**WHAT YOU ARE ASKED TO DO:**
Write out again, word for word, the lines below from the line that holds "Набор в основном" through the line that holds "7月16日(日)に、PTA生", omitting pictures.

--- EXTRACTED INFORMATION ---

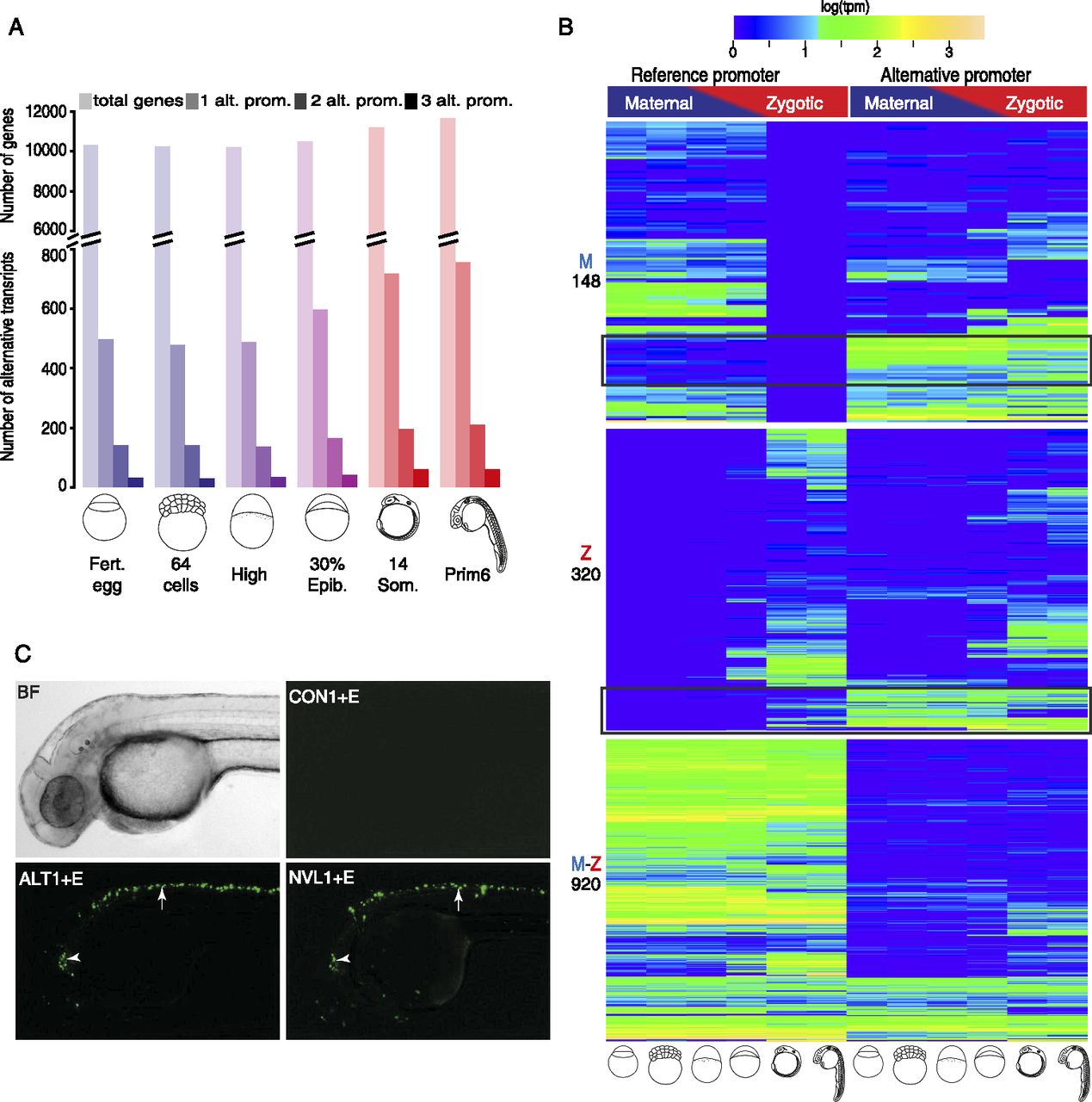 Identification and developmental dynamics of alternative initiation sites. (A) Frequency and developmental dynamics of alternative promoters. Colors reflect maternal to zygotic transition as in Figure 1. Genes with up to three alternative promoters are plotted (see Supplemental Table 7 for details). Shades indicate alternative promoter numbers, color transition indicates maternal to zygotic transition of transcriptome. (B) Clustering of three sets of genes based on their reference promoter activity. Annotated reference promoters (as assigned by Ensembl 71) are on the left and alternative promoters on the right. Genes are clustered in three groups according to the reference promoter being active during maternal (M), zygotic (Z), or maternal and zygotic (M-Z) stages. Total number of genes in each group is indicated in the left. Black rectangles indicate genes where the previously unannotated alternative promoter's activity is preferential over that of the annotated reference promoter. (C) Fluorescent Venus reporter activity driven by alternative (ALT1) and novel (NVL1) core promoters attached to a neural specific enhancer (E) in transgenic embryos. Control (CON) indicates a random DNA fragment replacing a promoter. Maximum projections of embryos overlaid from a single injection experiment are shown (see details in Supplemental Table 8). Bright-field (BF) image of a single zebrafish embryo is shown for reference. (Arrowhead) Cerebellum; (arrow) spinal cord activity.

---
--- EXTRACTED INFORMATION ---

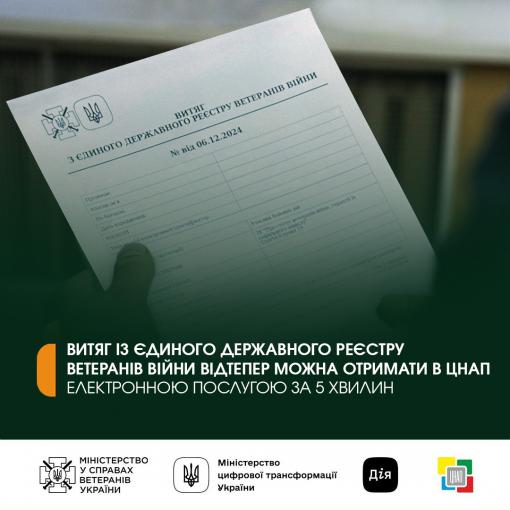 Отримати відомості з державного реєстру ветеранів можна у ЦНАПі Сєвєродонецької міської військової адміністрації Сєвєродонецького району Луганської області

---
--- EXTRACTED INFORMATION ---

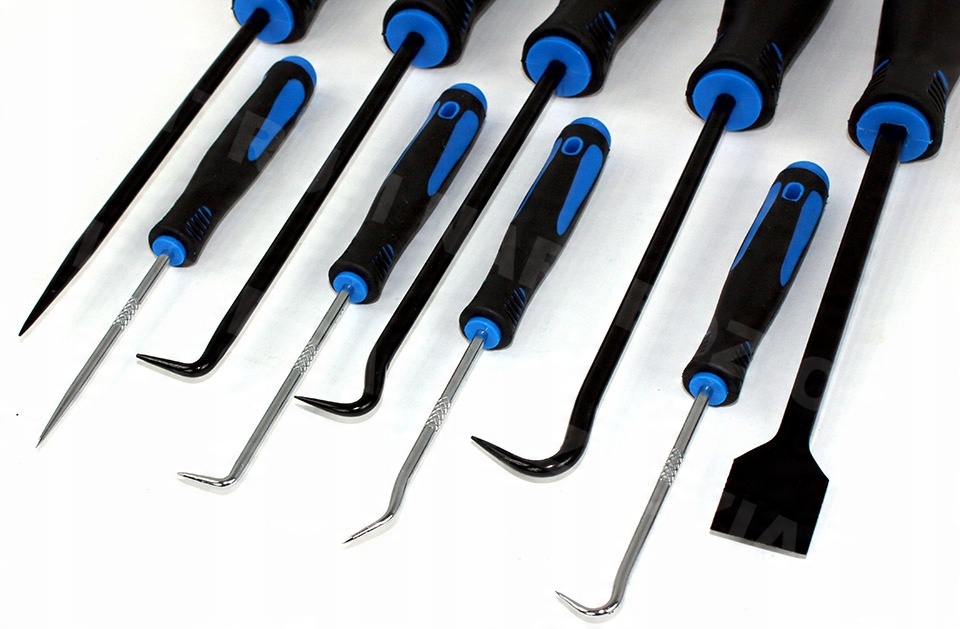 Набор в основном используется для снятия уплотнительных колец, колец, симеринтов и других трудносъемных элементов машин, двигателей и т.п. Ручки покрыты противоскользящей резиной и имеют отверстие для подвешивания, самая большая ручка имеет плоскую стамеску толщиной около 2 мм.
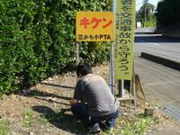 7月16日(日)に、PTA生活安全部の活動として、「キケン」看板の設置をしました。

---

**EXERCISE RESULT:**
 Набор в основном используется для снятия уплотнительных колец, колец, симеринтов и других трудносъемных элементов машин, двигателей и т.п. Ручки покрыты противоскользящей резиной и имеют отверстие для подвешивания, самая большая ручка имеет плоскую стамеску толщиной около 2 мм.
 7月16日(日)に、PTA生活安全部の活動として、「キケン」看板の設置をしました。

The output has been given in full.